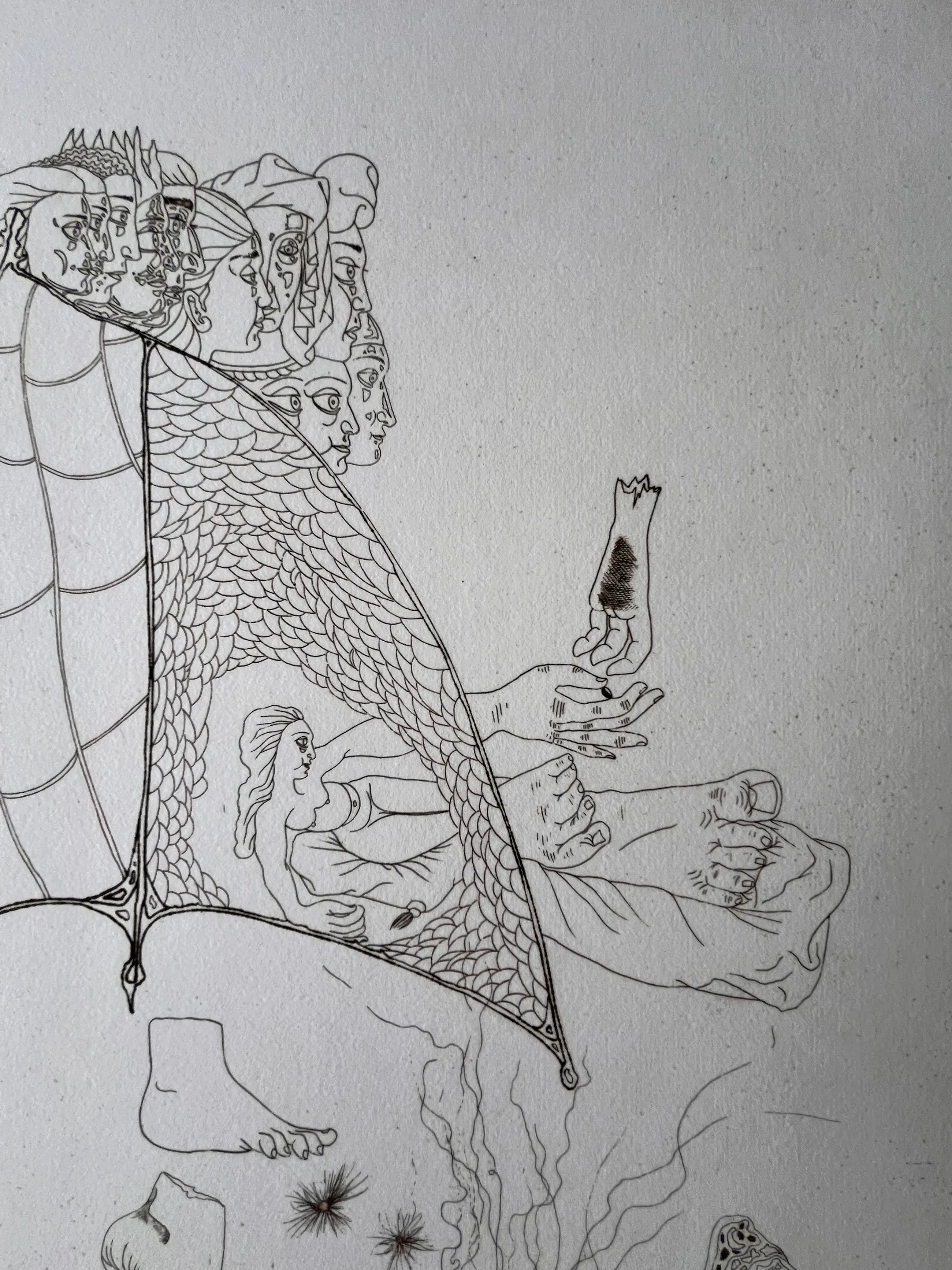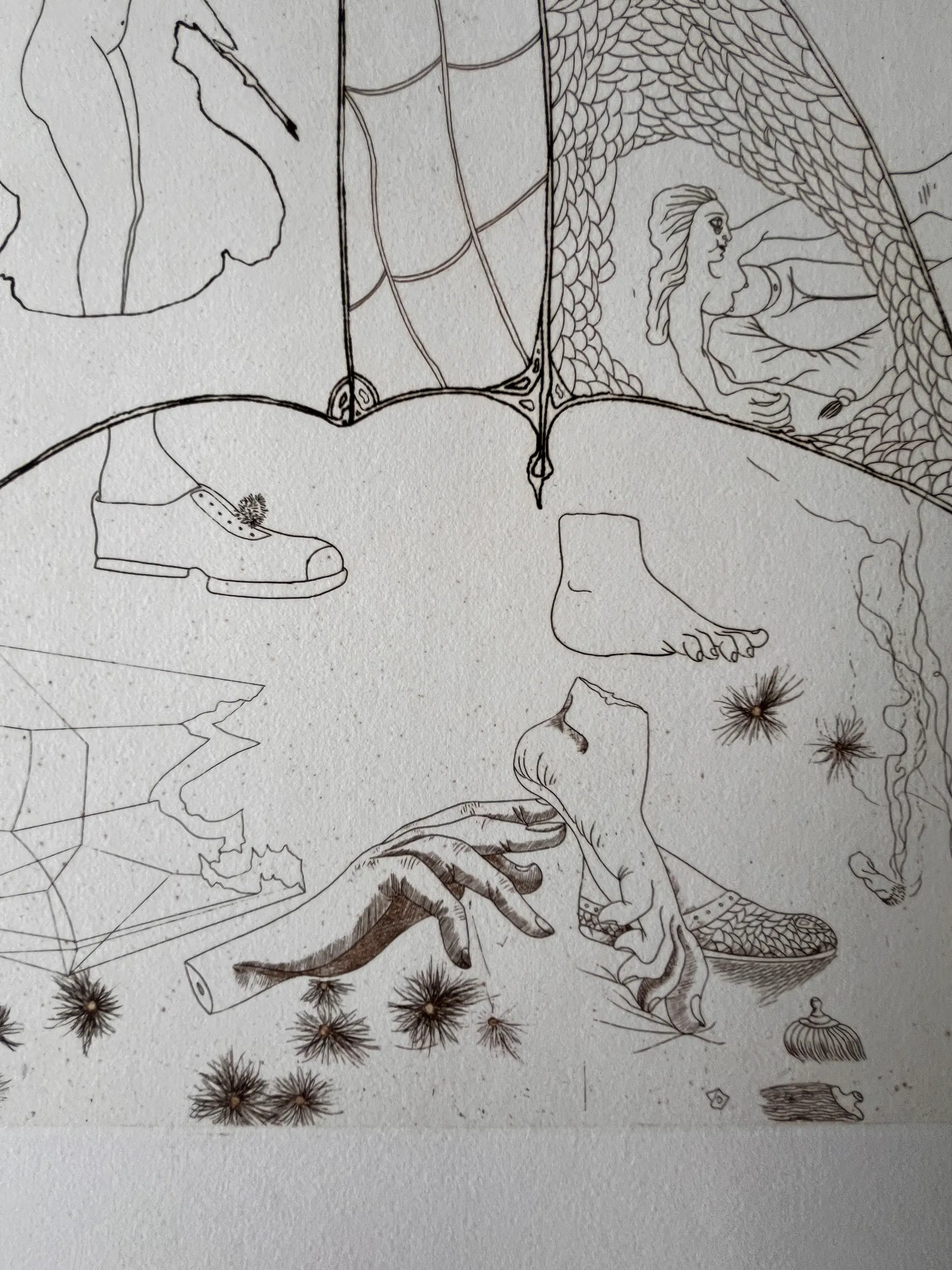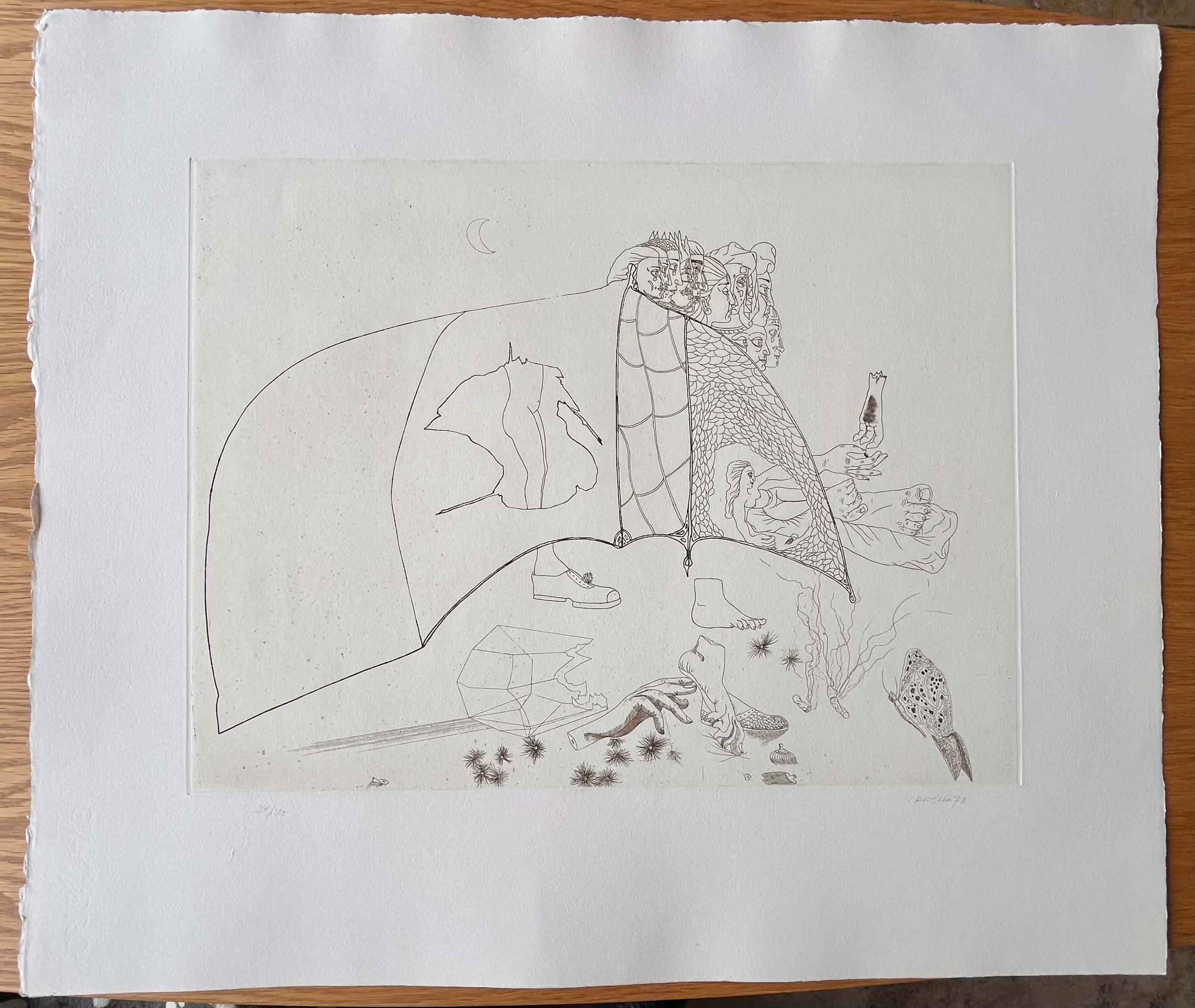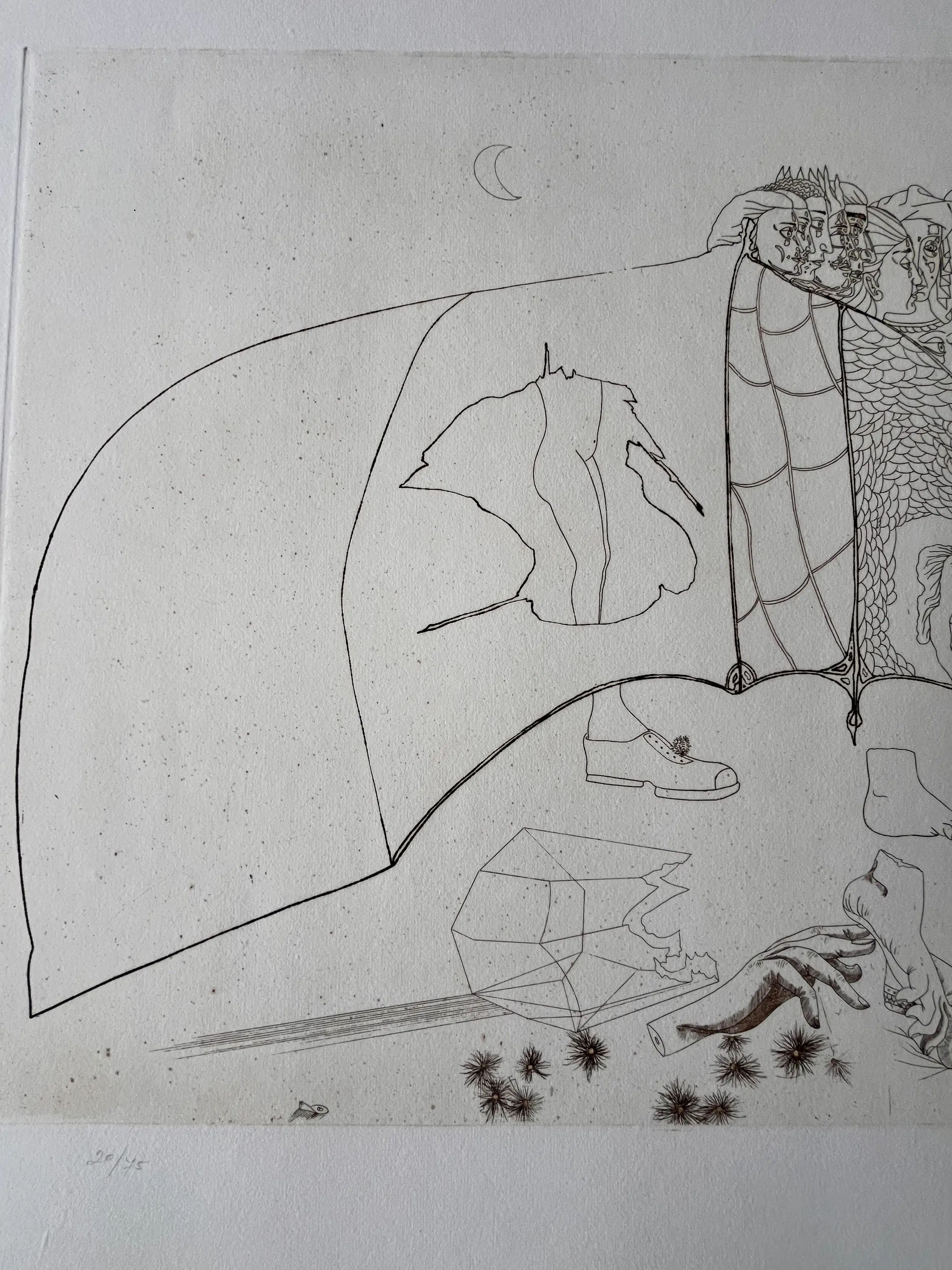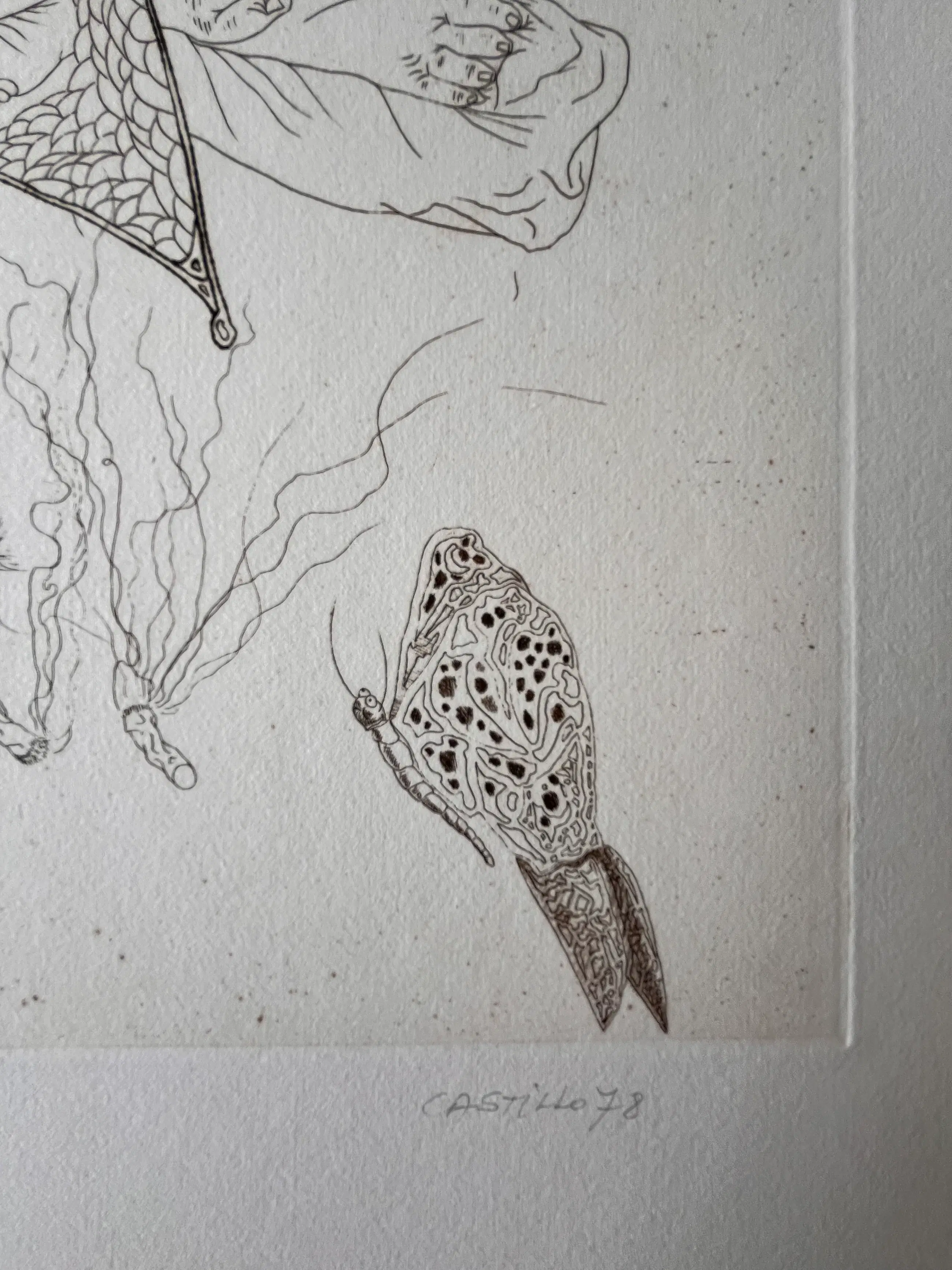 Originele ets van Jorge Castillo uit 1978 op GVARRO papier. Surrealistische compositie. Gesigneerd, gedateerd en genummerd in potlood door de kunstenaar. (oplage 20/75) Perfecte staat! Nooit ingelijst!
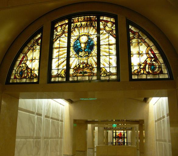 | Keywords: LA Cathedral Mausoleum Lunette Chalice.jpg Stained glass windows in the Mausoleum of the Roman Catholic Cathedral of Our Lady of the Angels Los Angeles California; originally created in the 1920s for Saint Vibiana Cathedral Los Angeles<br /> Lunette window depicting a chalice as a symbol of the Eucharist own own photograph Window early 1920s Photo October 2008 Window workshop of Franz Borgias Mayer 1848 “1926 ; Photo Andreas Praefcke Own work all rights released Public domain Stained glass windows in the Mausoleum of the Cathedral of Our Lady of the Angels Los Angeles Eucharist on stained glass windows Chalices on stained glass windows Lunettes in the United States Photos by User AndreasPraefcke |
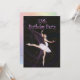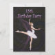 A beautiful ballerina dancing on a birthday party invitation. The ballerina is wearing a white tutu, and is en point.
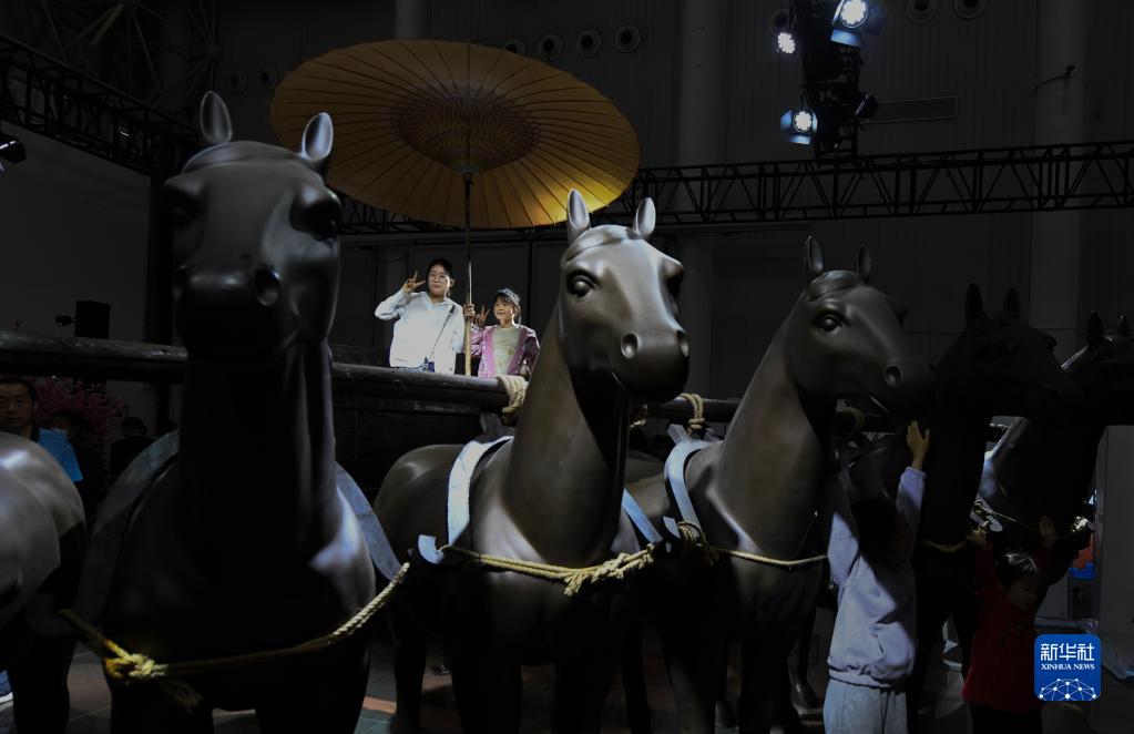 4月22日,觀眾在博覽會(huì)上體驗(yàn)楚王車馬陣。
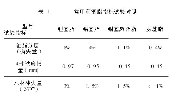 选用机械安定性与胶体安定性好、针入度适中的1#脲基脂替代以前使用的3#锂基脂,回转支承的润滑状况得到较大改善。从表1可以看出,脲基脂的性能优于其它常用润滑脂。
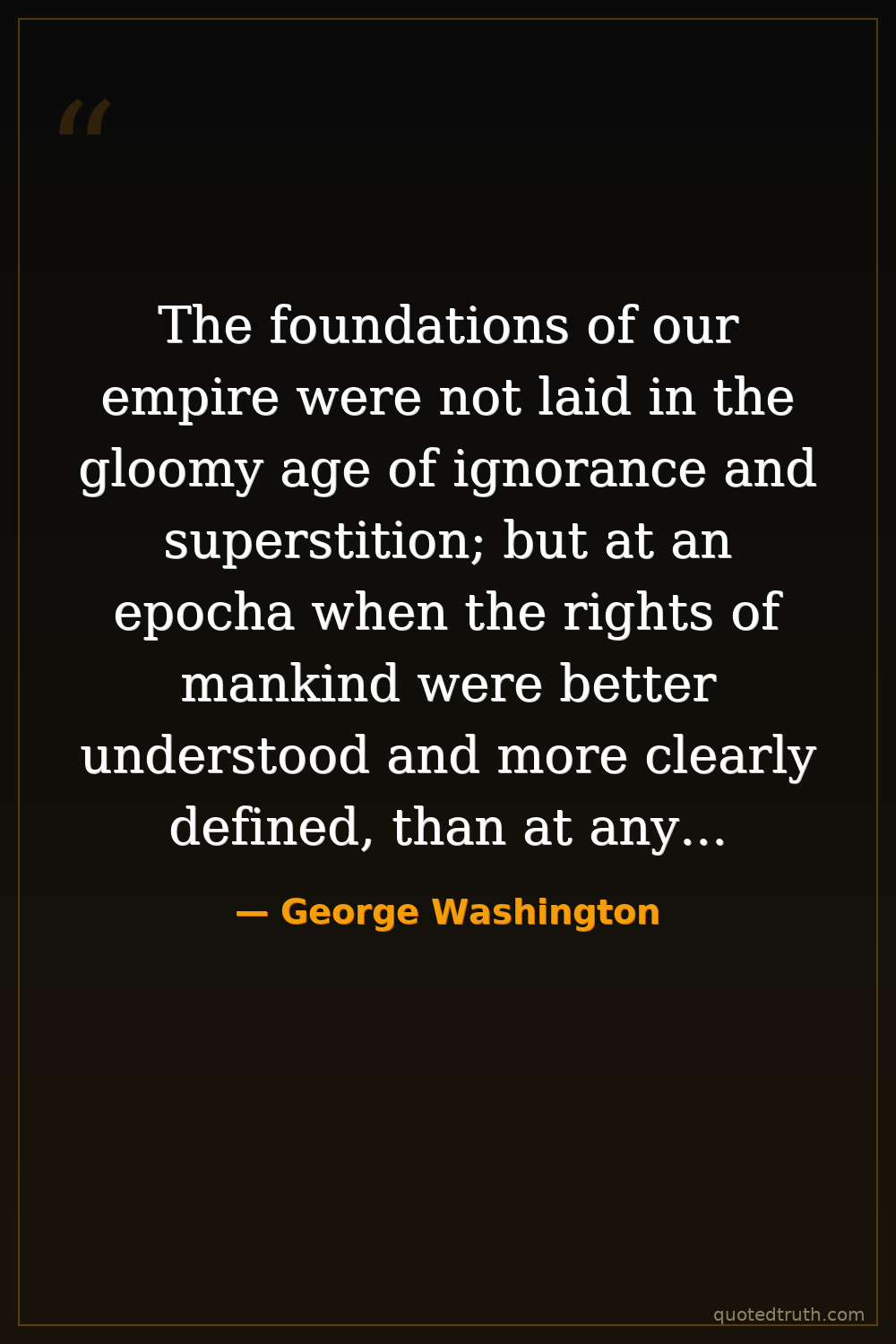 The foundations of our empire were not laid in the gloomy age of ignorance and superstition; but at an epocha when the rights of mankind were better understood and more clearly defined, than at any former period.

▶ **Task**:
Would you please copy the material exactly, leaving all the pictures out?

▶ **Result for this exercise**:
 Originele ets van Jorge Castillo uit 1978 op GVARRO papier. Surrealistische compositie. Gesigneerd, gedateerd en genummerd in potlood door de kunstenaar. (oplage 20/75) Perfecte staat! Nooit ingelijst!
 | Keywords: LA Cathedral Mausoleum Lunette Chalice.jpg Stained glass windows in the Mausoleum of the Roman Catholic Cathedral of Our Lady of the Angels Los Angeles California; originally created in the 1920s for Saint Vibiana Cathedral Los Angeles<br /> Lunette window depicting a chalice as a symbol of the Eucharist own own photograph Window early 1920s Photo October 2008 Window workshop of Franz Borgias Mayer 1848 “1926 ; Photo Andreas Praefcke Own work all rights released Public domain Stained glass windows in the Mausoleum of the Cathedral of Our Lady of the Angels Los Angeles Eucharist on stained glass windows Chalices on stained glass windows Lunettes in the United States Photos by User AndreasPraefcke |
 A beautiful ballerina dancing on a birthday party invitation. The ballerina is wearing a white tutu, and is en point.
 4月22日,觀眾在博覽會(huì)上體驗(yàn)楚王車馬陣。
 选用机械安定性与胶体安定性好、针入度适中的1#脲基脂替代以前使用的3#锂基脂,回转支承的润滑状况得到较大改善。从表1可以看出,脲基脂的性能优于其它常用润滑脂。
 The foundations of our empire were not laid in the gloomy age of ignorance and superstition; but at an epocha when the rights of mankind were better understood and more clearly defined, than at any former period.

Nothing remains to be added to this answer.